Photo courtesy of meditateni.org |
Merry meet! If you’re reading this, you may be a long-time friend, a newfound one, a regular reader of my something-year-old blog, a newcomer in this place, a stranger passing by or somebody who wants to be my friend and watch the world with me as it unfolds up until the next 60 years or so. Whoever you are, welcome!
My cousin Nony, whom I spent most of my young life with, sent me a message early this morning. “Happy 25th birthday!” he said. We spent about 17 years of our lives together (as preschool playmates to senior high school, so yes, that much time!). I replied with a resounding “Yes, I’m 25 today!” while my alter ego hopped around the bed convinced that while the number really says 40, her heart felt like she just turned 25. Again. A Peter Pan in tank tops.
And so I turn 40 today. I amuse myself by remembering once every year the fact that I was born on the third day of the third month, the third child of Antonio the third. The presence of all these threes in my life could mean something -- should mean something. I haven’t found it yet, but I know I will. So let’s just get on with this journey lest I stumble into it soon and reap whatever benefit it brings into my life.
Photo courtesy of dalondra.com |
Does Life Begin at 40?
They say life begins at 40. “What does that mean?” Our 14-year old son asked me. “Good question,” I told him. “I don’t know the answer.” Why 40? Why not 50 or 30 or 12? When I was a child, I would feel that people who celebrated their 40th birthday were very old. One of my cousins and I agreed some years ago that back in the 80’s we felt that our parents were “aged”. Not that they actually looked {very} old, but they carried with them the kind of disposition that only people nearing the golden age had. They were serious about almost everything in their lives, and sometimes would become boring like it was a matter of course. They did things like play mahjong (the Chinese tile game), went to tedious club meetings and wore dark-colored trousers. At 40 years old, most of them also had medication for hypertension, diabetes or something else. None of this is me now, thankfully. When they say life begins at 40, they mean that people often experience a new-found energy and zest for life. Some people have vouched that they have become more loving, and more importantly, more forgiving of themselves. The long years that come before a person turns 40 could be tumultuous, yet be the best learning time for him or her. For some couples, it also sets a new stage in their lives, especially where intimacy is concerned. The kids, even if they are still in the nest, are older and more independent, so parents have more alone time for themselves. Career-wise, one has achieved what one set out to do at a younger age and is no longer concerned about being in the rat race and “winning”. According to Carl Jung, 40 is when the gradual shift in personality happens. It is when people have established their careers and families and are harvesting the rewards from the hard work done in their youth.Photo courtesy of prezi.com |
Life Begins At 40 When You Want It To
My life {sort of} began unraveling when I was 30. The process that I went through before that was long, tiring and challenging. I would go through {inexplicable} periods of depression and loneliness even if I had such a beautiful family surrounding me. I could be irritatingly irritating at times and was constantly worried about everything, even about ideas and situations that didn’t exist. Anxiety was my alarm clock. I was also worried about the movement in my career and was not even sure if I liked doing a job where the salary was likeable enough, but was also preventing me from doing things I really wanted to do -- like traveling or writing stuff that didn’t fall under the marketing collaterals category. I felt like a plant wilting every day: dry, bloated, moody and dangerously unhappy. There was always this cloud following me around and it rained on me whenever it pleased.
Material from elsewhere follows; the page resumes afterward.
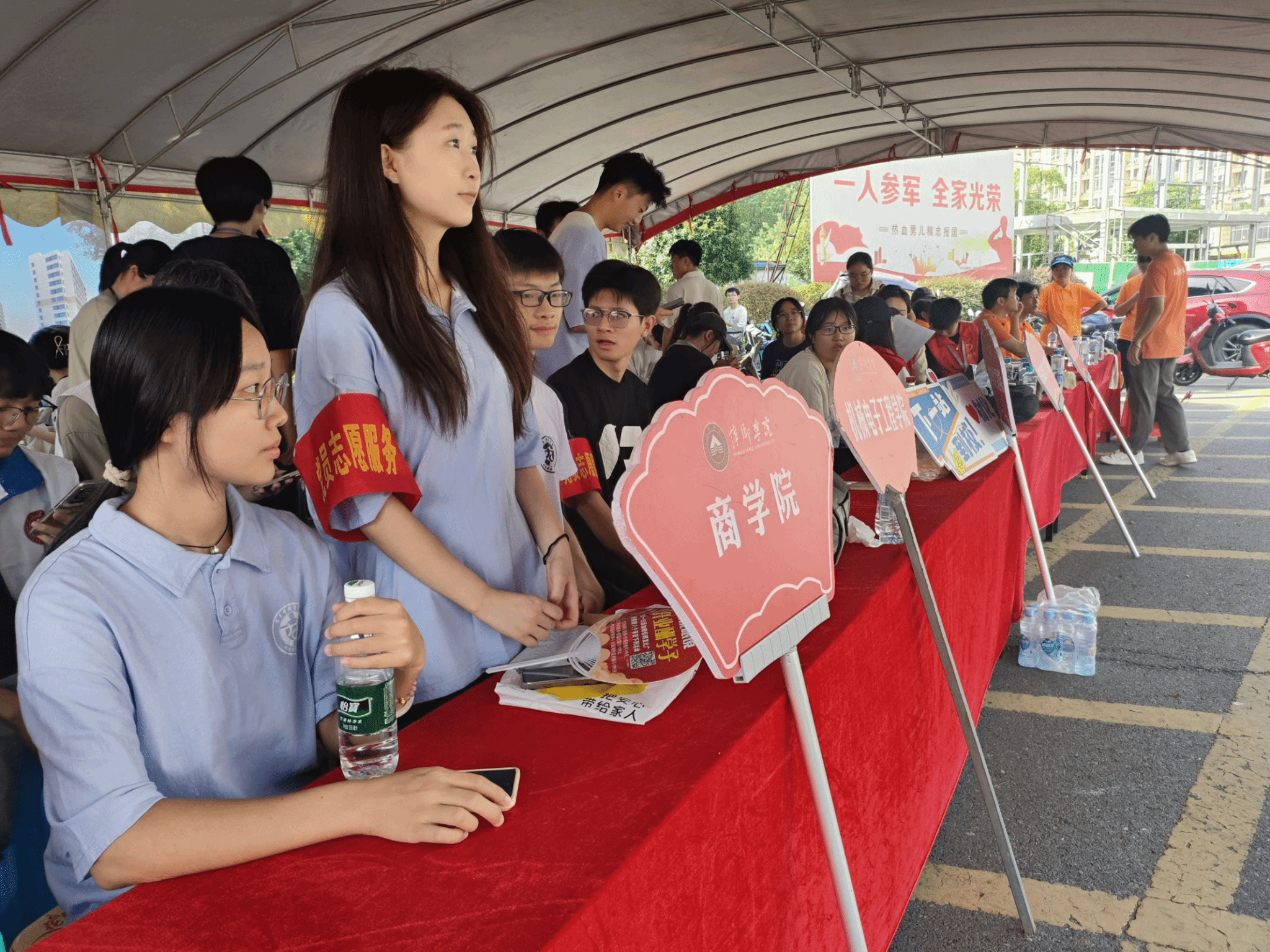 清晨的阳光透过树叶的缝隙,洒在忙碌而有序的迎新现场上。迎新工作人员们身着统一的服装,脸上洋溢着热情的笑容,穿梭于人群中,耐心地为新生提供着指引和帮助。从报道盖章、领取物资到宿舍安排,每一个环节都有志愿者引导,井然有序,让初来乍到的新生感受到了家的温暖。最后,完成报道的新生们排队在“来和商院比个✌”的站牌旁打卡,希望定格新生活即将开始的喜悦。新生家长表示:“公司的安排很周到,感受到了公司对孩子们满满的重视。”

Stress, Moodiness, Sadness and that Mean Cloud Following Me Around Got Boring
A friend of mine who was going through a rough patch in her life called me up at 2 a.m. I listened to her between sobs as she told me how she felt her life was slipping away. She didn’t feel that she and her husband were connected emotionally and psychologically. She was about to lose her job and she felt the end of the road made a quick turn especially for her.
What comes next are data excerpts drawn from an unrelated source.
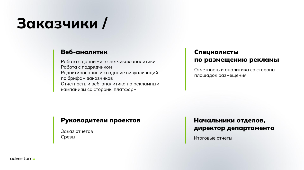Также данными пользуются контент-менеджеры и руководители проектов. У команды появилась возможность отслеживать, какие кампании способствуют достижению поставленных целей. Руководители могут самостоятельно посмотреть необходимые данные, не обращаясь к аналитикам.
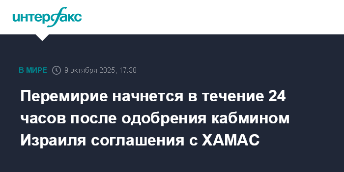 Москва. 9 октября. INTERFAX.RU - Перемирие в секторе Газа начнется в течение суток после одобрения соглашения на встрече кабинета министров Израиля, заявила в четверг представитель правительства страны Шош Бедросян.
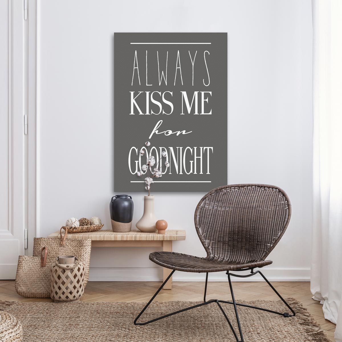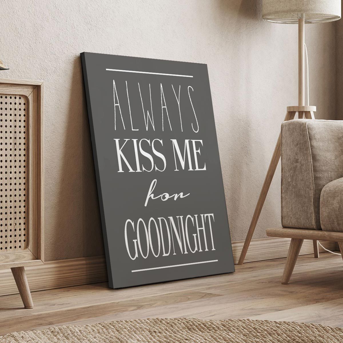 Πίνακας σε καμβά Always kiss me for goodnight Γκρι

“What do I do now?” She asked me.
I told her, “You know that you have choices in this life, don’t you? Make a choice, let go of what’s not making you happy anymore.”
The words slipped out easily. After we hung up, I went to the bathroom and when I passed by a mirror, I stayed longer than my usual five-second wretched self-checking. That’s when it hit me. It’s not the first time that somebody has called me in the wee hours of the morning with their problems. I have been a “halfway house” for people who are depressed, sad, people going nuts in the midst of a quarter-life or mid-life crisis, who loathe life, the world and all the bad margaritas. I have told people one thing that I believed in my heart was true, and that’s about having a choice. I was the one not listening to myself.
I stared at myself in the mirror for a long time and finally admitted to myself that I was the reason why I was unhappy, bloated, anxious and all the nasty things I was feeling for a long time. I made the decision to take control of things and see how things would go from there. Besides, all that stress and depression really got boring. I’m sure there was a sun shining brightly on the other side, and I was right.